## [Data for this exercise]
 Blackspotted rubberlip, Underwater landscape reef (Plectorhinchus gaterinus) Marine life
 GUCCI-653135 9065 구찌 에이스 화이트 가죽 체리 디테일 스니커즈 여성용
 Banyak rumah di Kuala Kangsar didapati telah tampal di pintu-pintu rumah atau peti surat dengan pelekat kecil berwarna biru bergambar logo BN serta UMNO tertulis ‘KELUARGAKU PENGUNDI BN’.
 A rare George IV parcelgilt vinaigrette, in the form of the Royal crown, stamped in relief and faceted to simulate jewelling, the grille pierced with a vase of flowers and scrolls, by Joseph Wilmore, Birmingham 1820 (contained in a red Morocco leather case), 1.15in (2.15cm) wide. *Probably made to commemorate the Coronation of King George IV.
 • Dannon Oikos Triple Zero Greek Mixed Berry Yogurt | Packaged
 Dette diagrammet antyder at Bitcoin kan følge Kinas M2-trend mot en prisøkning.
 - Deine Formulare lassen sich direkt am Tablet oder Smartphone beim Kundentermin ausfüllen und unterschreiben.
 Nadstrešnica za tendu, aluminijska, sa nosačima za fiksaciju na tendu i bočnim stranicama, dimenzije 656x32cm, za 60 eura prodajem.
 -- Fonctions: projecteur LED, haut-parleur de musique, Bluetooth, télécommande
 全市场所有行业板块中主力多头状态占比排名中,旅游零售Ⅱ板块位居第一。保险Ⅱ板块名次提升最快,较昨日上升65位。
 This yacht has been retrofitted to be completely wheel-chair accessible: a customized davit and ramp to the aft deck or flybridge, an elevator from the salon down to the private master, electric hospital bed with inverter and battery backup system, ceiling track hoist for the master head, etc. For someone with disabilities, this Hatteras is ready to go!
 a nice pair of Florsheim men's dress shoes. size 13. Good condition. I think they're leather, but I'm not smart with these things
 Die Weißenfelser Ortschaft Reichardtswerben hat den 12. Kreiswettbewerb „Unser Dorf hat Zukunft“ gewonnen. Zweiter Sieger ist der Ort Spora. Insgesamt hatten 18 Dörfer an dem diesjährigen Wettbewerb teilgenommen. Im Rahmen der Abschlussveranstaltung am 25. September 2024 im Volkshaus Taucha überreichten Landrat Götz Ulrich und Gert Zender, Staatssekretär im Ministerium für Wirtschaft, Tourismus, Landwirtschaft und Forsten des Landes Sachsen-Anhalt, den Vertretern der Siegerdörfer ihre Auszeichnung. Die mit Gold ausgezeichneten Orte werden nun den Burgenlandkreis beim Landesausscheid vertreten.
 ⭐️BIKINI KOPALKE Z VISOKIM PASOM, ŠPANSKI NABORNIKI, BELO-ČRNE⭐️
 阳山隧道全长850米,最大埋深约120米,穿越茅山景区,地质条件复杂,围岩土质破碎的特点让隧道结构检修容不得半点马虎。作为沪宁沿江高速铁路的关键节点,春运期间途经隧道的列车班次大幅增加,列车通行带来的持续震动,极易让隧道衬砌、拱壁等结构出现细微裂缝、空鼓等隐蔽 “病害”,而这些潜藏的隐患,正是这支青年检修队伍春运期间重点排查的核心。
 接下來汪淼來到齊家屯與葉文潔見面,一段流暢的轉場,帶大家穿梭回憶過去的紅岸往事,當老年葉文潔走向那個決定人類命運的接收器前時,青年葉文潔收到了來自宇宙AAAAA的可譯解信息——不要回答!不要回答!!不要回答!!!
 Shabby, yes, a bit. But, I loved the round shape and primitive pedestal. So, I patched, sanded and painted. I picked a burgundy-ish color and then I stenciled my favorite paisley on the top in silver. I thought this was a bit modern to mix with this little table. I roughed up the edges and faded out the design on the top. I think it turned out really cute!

## [Assignment]
From the data above, output only the lines between the line containing "A rare George" and the line containing "阳山隧道全长850米,最大埋", inclusive, exactly as written.

## [Written response]
 A rare George IV parcelgilt vinaigrette, in the form of the Royal crown, stamped in relief and faceted to simulate jewelling, the grille pierced with a vase of flowers and scrolls, by Joseph Wilmore, Birmingham 1820 (contained in a red Morocco leather case), 1.15in (2.15cm) wide. *Probably made to commemorate the Coronation of King George IV.
 • Dannon Oikos Triple Zero Greek Mixed Berry Yogurt | Packaged
 Dette diagrammet antyder at Bitcoin kan følge Kinas M2-trend mot en prisøkning.
 - Deine Formulare lassen sich direkt am Tablet oder Smartphone beim Kundentermin ausfüllen und unterschreiben.
 Nadstrešnica za tendu, aluminijska, sa nosačima za fiksaciju na tendu i bočnim stranicama, dimenzije 656x32cm, za 60 eura prodajem.
 -- Fonctions: projecteur LED, haut-parleur de musique, Bluetooth, télécommande
 全市场所有行业板块中主力多头状态占比排名中,旅游零售Ⅱ板块位居第一。保险Ⅱ板块名次提升最快,较昨日上升65位。
 This yacht has been retrofitted to be completely wheel-chair accessible: a customized davit and ramp to the aft deck or flybridge, an elevator from the salon down to the private master, electric hospital bed with inverter and battery backup system, ceiling track hoist for the master head, etc. For someone with disabilities, this Hatteras is ready to go!
 a nice pair of Florsheim men's dress shoes. size 13. Good condition. I think they're leather, but I'm not smart with these things
 Die Weißenfelser Ortschaft Reichardtswerben hat den 12. Kreiswettbewerb „Unser Dorf hat Zukunft“ gewonnen. Zweiter Sieger ist der Ort Spora. Insgesamt hatten 18 Dörfer an dem diesjährigen Wettbewerb teilgenommen. Im Rahmen der Abschlussveranstaltung am 25. September 2024 im Volkshaus Taucha überreichten Landrat Götz Ulrich und Gert Zender, Staatssekretär im Ministerium für Wirtschaft, Tourismus, Landwirtschaft und Forsten des Landes Sachsen-Anhalt, den Vertretern der Siegerdörfer ihre Auszeichnung. Die mit Gold ausgezeichneten Orte werden nun den Burgenlandkreis beim Landesausscheid vertreten.
 ⭐️BIKINI KOPALKE Z VISOKIM PASOM, ŠPANSKI NABORNIKI, BELO-ČRNE⭐️
 阳山隧道全长850米,最大埋深约120米,穿越茅山景区,地质条件复杂,围岩土质破碎的特点让隧道结构检修容不得半点马虎。作为沪宁沿江高速铁路的关键节点,春运期间途经隧道的列车班次大幅增加,列车通行带来的持续震动,极易让隧道衬砌、拱壁等结构出现细微裂缝、空鼓等隐蔽 “病害”,而这些潜藏的隐患,正是这支青年检修队伍春运期间重点排查的核心。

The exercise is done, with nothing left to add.